Another group that has benefited from the project is the Kapsika Beans Production Group from the Cheptais area of Mt Elgon, Bungoma County. Today, the group is one of the largest producers of beans which it sells in Bungoma County markets. Anette Nafuna, neighborhood agricultural extension officer in Bungoma, said thousands of farmers in the area lacked information about the benefits that come with proper investments in beans.
Yet beans are the third most consumed crop in the country after corn and potatoes. It is also a relatively cheaper source of protein for most communities.
“If farmers market beans, it will bring them a lot of money. Our data shows that during the short rainy season, when they plant and focus mainly on beans as a pure stand, yields are higher,” Ms. Nafuna explained.
The Director General of the Kenya Agriculture and Livestock Research Organization (KALRO), Dr. Eliud Kireger, reiterated that pulses such as beans are important for ensuring food and nutrition security in many households.
He explains that bean production varies between 200 and 500 kg per acre at the farm level, despite the availability of improved KALRO varieties with a potential yield of 800 to 1,200 kg per acre.
“Over the past five years, the average bean production was 784,000 metric tons from approximately 1 million hectares.
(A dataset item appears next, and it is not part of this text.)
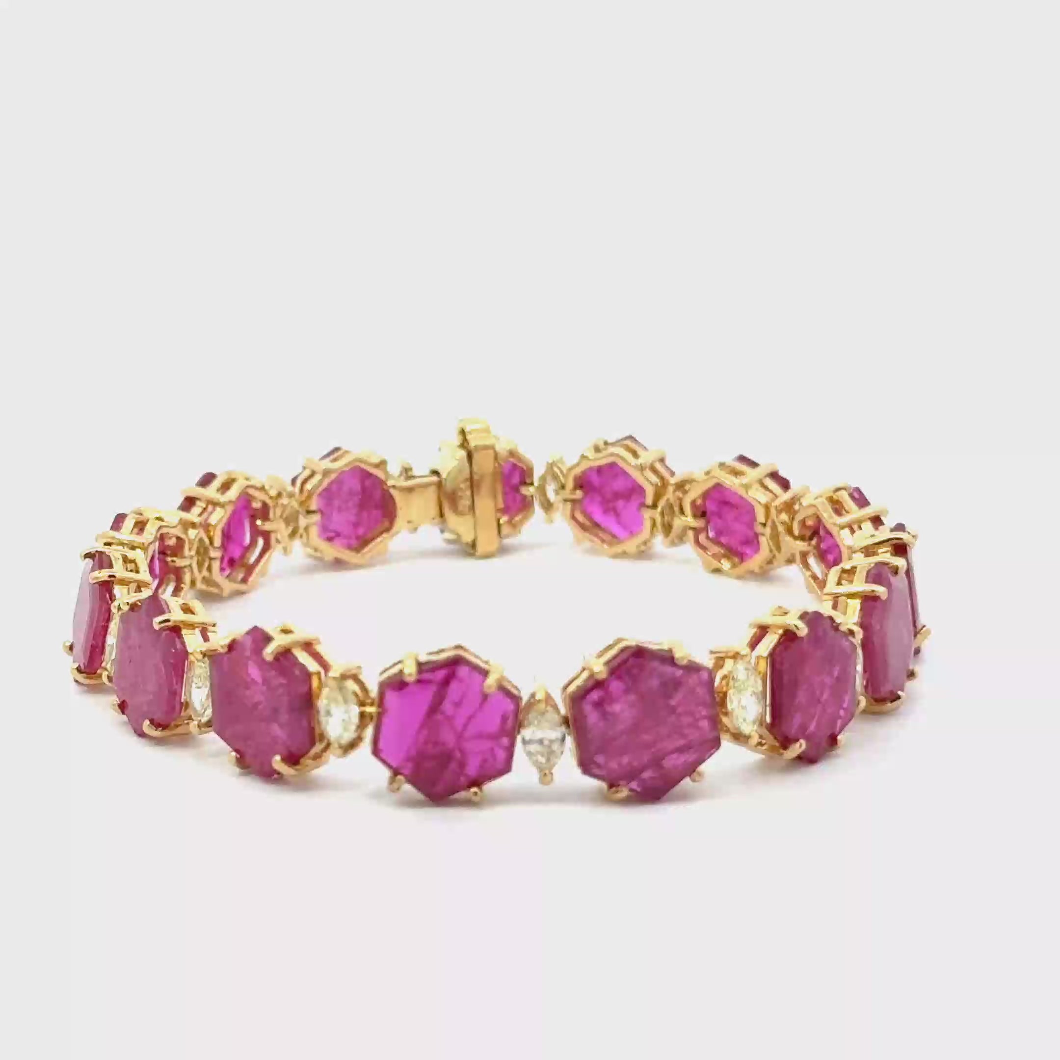 Elevate your ensemble with this stunning 18 karat yellow gold ruby and diamond bracelet. It showcases delicately table cut, hexagon-shaped rubies with a vivid pink-purple translucent hue. Marquise diamonds sit mounted between rubies for a striking contrast.

To make up the shortfall, Kenya imports about 40% or 300,000 metric tons of dry yellow, spotted red and small red varieties beans and 40 metric tons of canned beans from Uganda, Tanzania and Ethiopia,” a- he declared.
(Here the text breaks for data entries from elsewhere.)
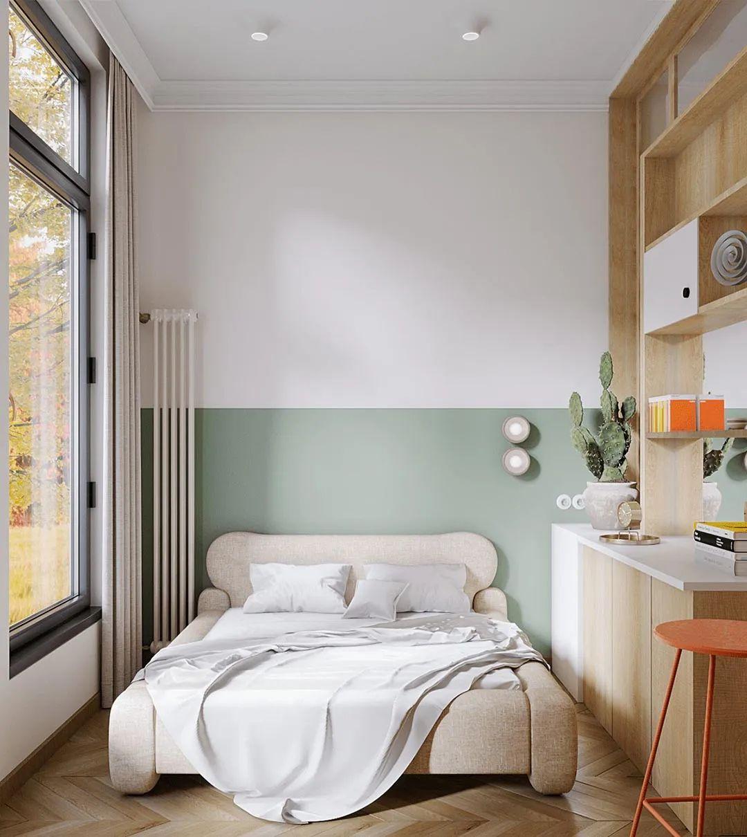 另外,卧室的床头背景墙,除了采用薄荷绿妆点,
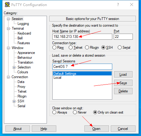 下载之后打开Putty,然后输入刚刚获得的IP地址,端口一般是22,建议保存一下,下次使用更方便。
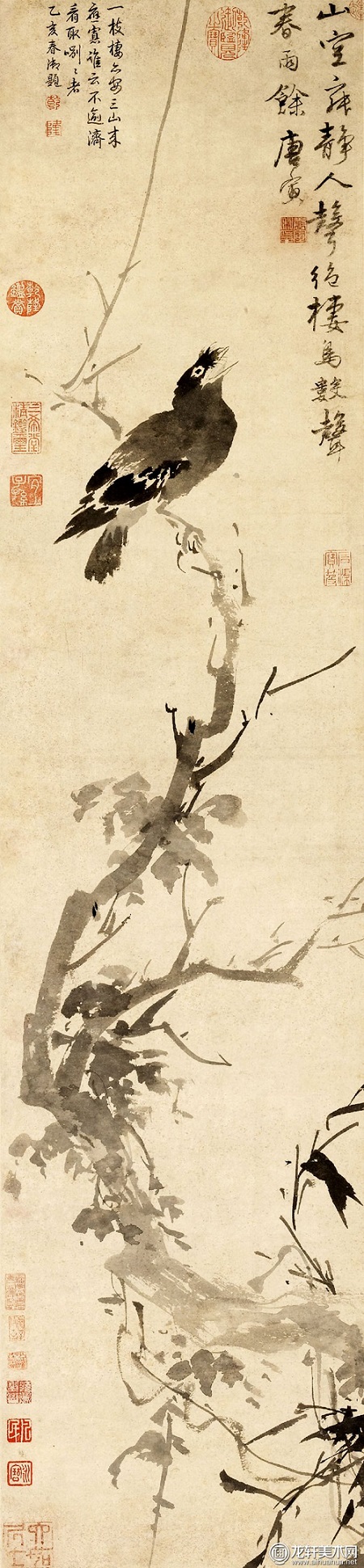 枯槎鸲鹆图轴
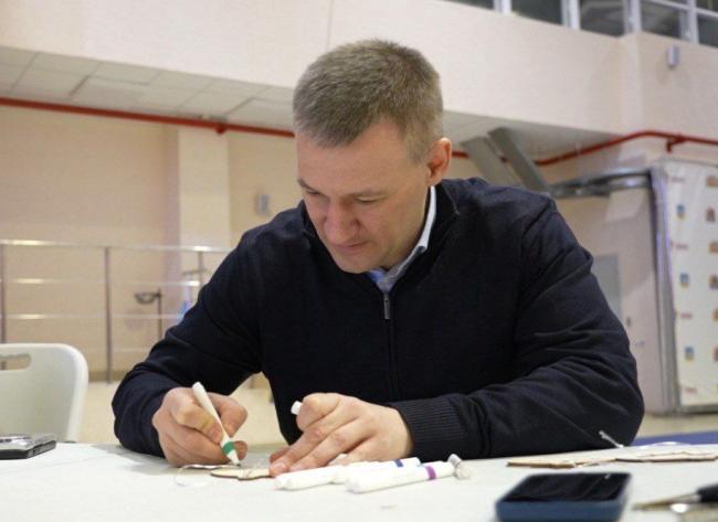 Чемпионы по самбо Тимур Галлямов, Леонид Путинцев, Владимир Гладких, Артур Хапцев, Евгений Еремин и Станислав Скрябин вместе с координатором проекта «Выбор сильных» в Свердловской области Алексеем Сваловым оставили на елочных игрушках автографы и добрые пожелания.
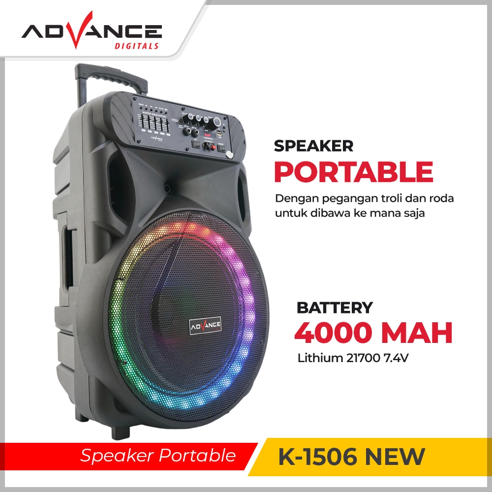 Advance K-1506 Speaker Bluetooth Portable 15 Inch Free 2 Bh Mic Wireless

However, over the past two years, bean cultivation in Bungoma has improved and more and more farmers are starting to earn thousands of shillings from the harvest. Besides financing the group with agricultural equipment and inputs, the project has trained farmers in better agronomic practices such as planting and managing beans and other legumes in order to have higher yields.
“The NARIGP intern walks us through how to manage soils, planting, the best seed varieties to plant, spacing, use of manure, weeding, harvesting and how to avoid post-harvest losses,” explains Reuben Machacha, group member.
He adds that as a result of empowerment, farmers are now harvesting at least 10 bags of beans per acre in Bungoma. The project promotes improved bean varieties such as Nyota and Angaza developed by the Kenya Agriculture and Livestock Research Organization (KALRO). Another group that laughs to the bank is the Naaro Tissue Culture Producers Self Help Group located in Nagraria Ward, Murang’a County.
The group is a hit by supplying ripe bananas to schools, hospitals and the local market.